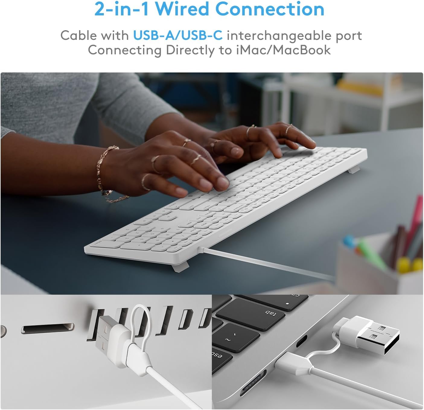 • 【USB-A / USB-C Cable Included】Connect directly to any Mac—from older USB-A iMacs to the latest USB-C MacBook Pro models. A simple alternative to an Apple wired keyboard and a practical keyboard for MacBook Pro users.
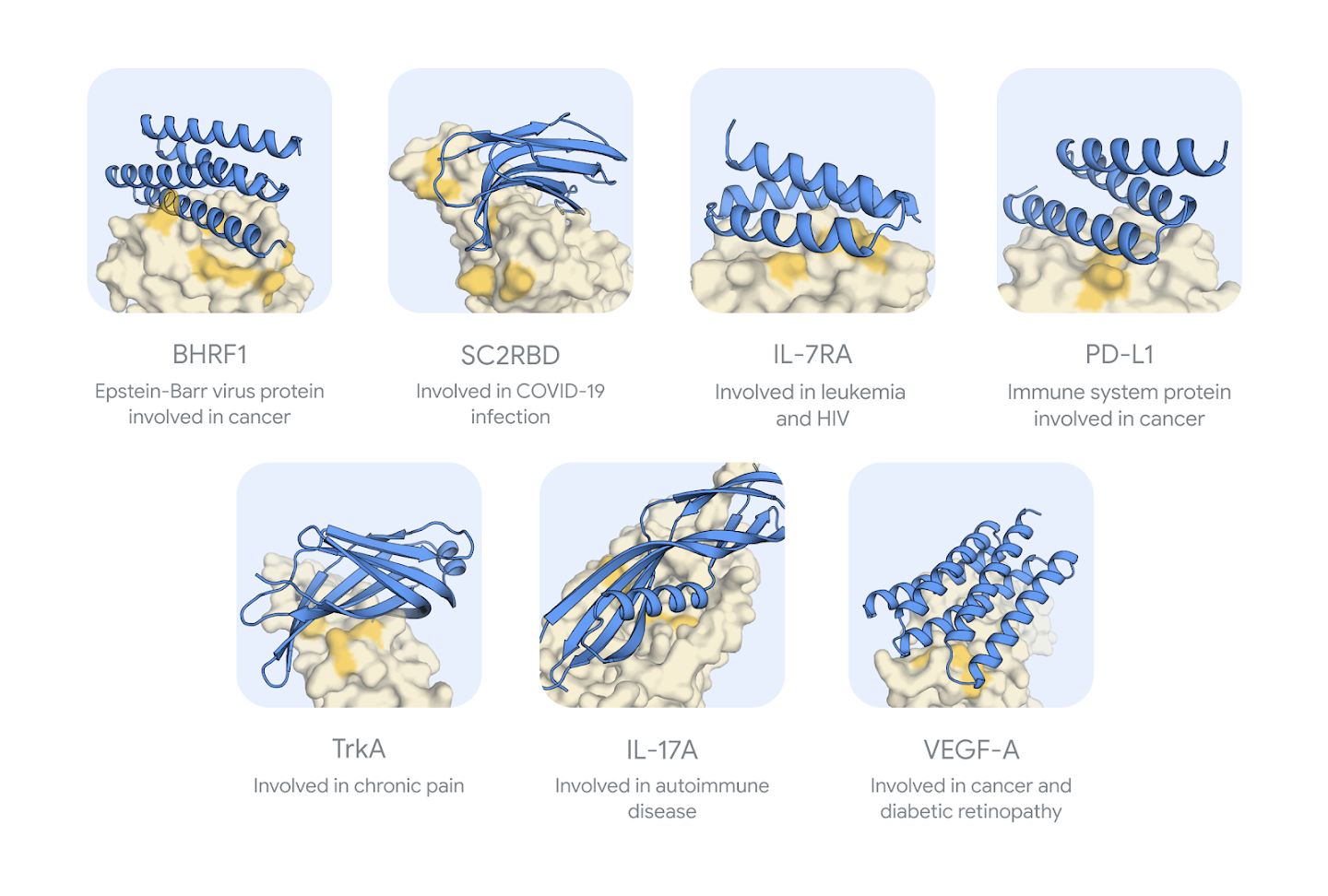 AlphaProteo can generate new protein binders for diverse target proteins, including VEGF-A, which is associated with cancer and complications from diabetes. This is the first time an AI tool has been able to design a successful protein binder for VEGF-A.
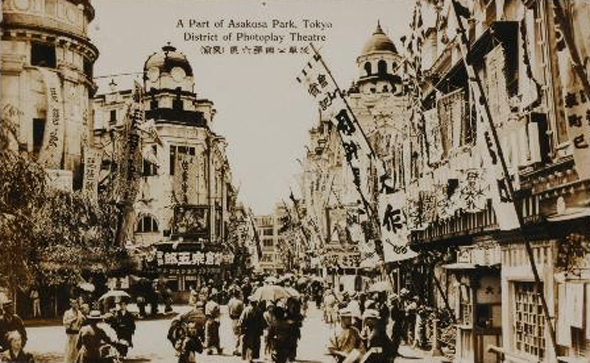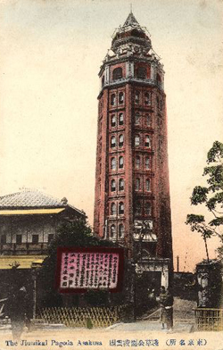 Ryounkaku (Asakusa Junikai) seen on the right side. The picture seems to be shot before the Great Kanto Earthquake in 1923.
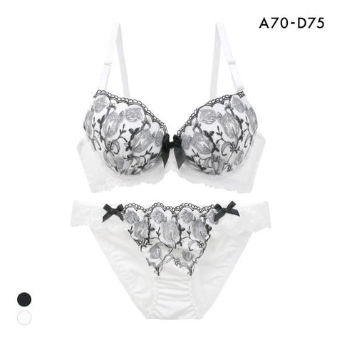 | 仕 様 | ブラ ・3/4カップ ・ホックの数:2段3列 ・下厚内蔵パッドあり、パッドポケットなし ・肩紐取外し:可 ・ワイヤー入り ・サイドボーン:あり ショーツ ・伸縮性:バックのみ縦横にあり ・クロッチ:付き ・透感:なし |
========================================================================
• [TASK DETAILS]: Retype all the material word for word while skipping any picture it contains.

• [PROBLEM SOLUTION]:
 • 【USB-A / USB-C Cable Included】Connect directly to any Mac—from older USB-A iMacs to the latest USB-C MacBook Pro models. A simple alternative to an Apple wired keyboard and a practical keyboard for MacBook Pro users.
 AlphaProteo can generate new protein binders for diverse target proteins, including VEGF-A, which is associated with cancer and complications from diabetes. This is the first time an AI tool has been able to design a successful protein binder for VEGF-A.
 Ryounkaku (Asakusa Junikai) seen on the right side. The picture seems to be shot before the Great Kanto Earthquake in 1923.
 | 仕 様 | ブラ ・3/4カップ ・ホックの数:2段3列 ・下厚内蔵パッドあり、パッドポケットなし ・肩紐取外し:可 ・ワイヤー入り ・サイドボーン:あり ショーツ ・伸縮性:バックのみ縦横にあり ・クロッチ:付き ・透感:なし |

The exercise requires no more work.